To smooth monthly time series, we applied rolling averages with a centred 6-month time window. We tested the effect of this choice by changing the window size between 1 month (no average) and one year and verified how it changed the correlations between variables.
For future trends, we downloaded monthly temperature and precipitation outputs from Earth system models (ESM) available in January 2024 for the models participating in the Coupled Model Intercomparison project 6 (CMIP6)56. We downloaded model outputs for the historical period and the following shared socioeconomic pathways57: SSP1-2.7, SSP2-4.5, SSP3-7.0, and SSP5-8.5. We restricted the analysis to the models which had model outputs available for every shared socioeconomic pathway. We then compared the regional monthly mean temperature and the mean annual precipitation time series predicted by each ESM for the recent historical period (1985-2014) with those of ERA5, and only kept the 10 with the lowest root mean square error for each variable. We then averaged those 10 models using the inverse of the squared bias as weight for both the historical period and the future simulations.

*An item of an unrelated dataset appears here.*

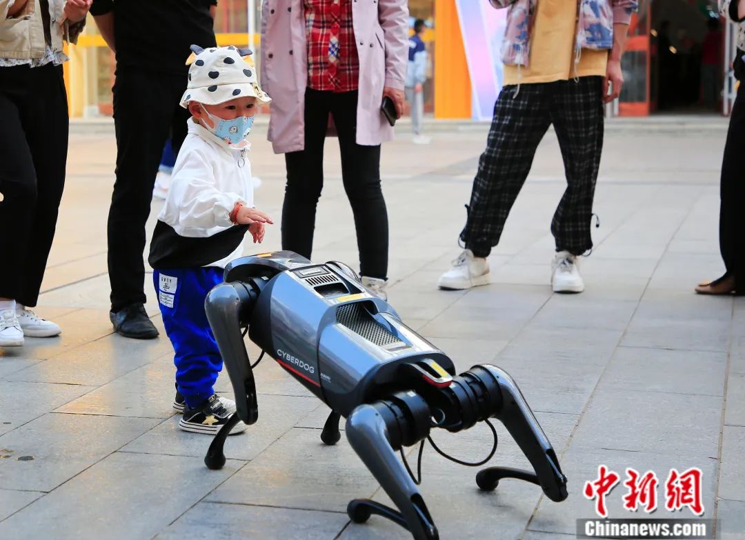 2022年4月9日,在寧夏銀川鼓樓步行街,一名小朋友與機(jī)器人“鐵蛋”互動(dòng)。袁宏彥攝

Temperature and precipitation anomalies were defined using 1985-2014 or 1994-2023 as reference for the historical period or the future scenarios, respectively, since CMIP6 historical simulations stop in 2014.
Temperature anomaly outliers were identified following the classical outlier 1.5 interquartile (IQR) rule58: any observation that was smaller than 1.5 IQR below the first quartile or larger than 1.5 IQR above the third quartile was considered as a cold or hot outlier, respectively.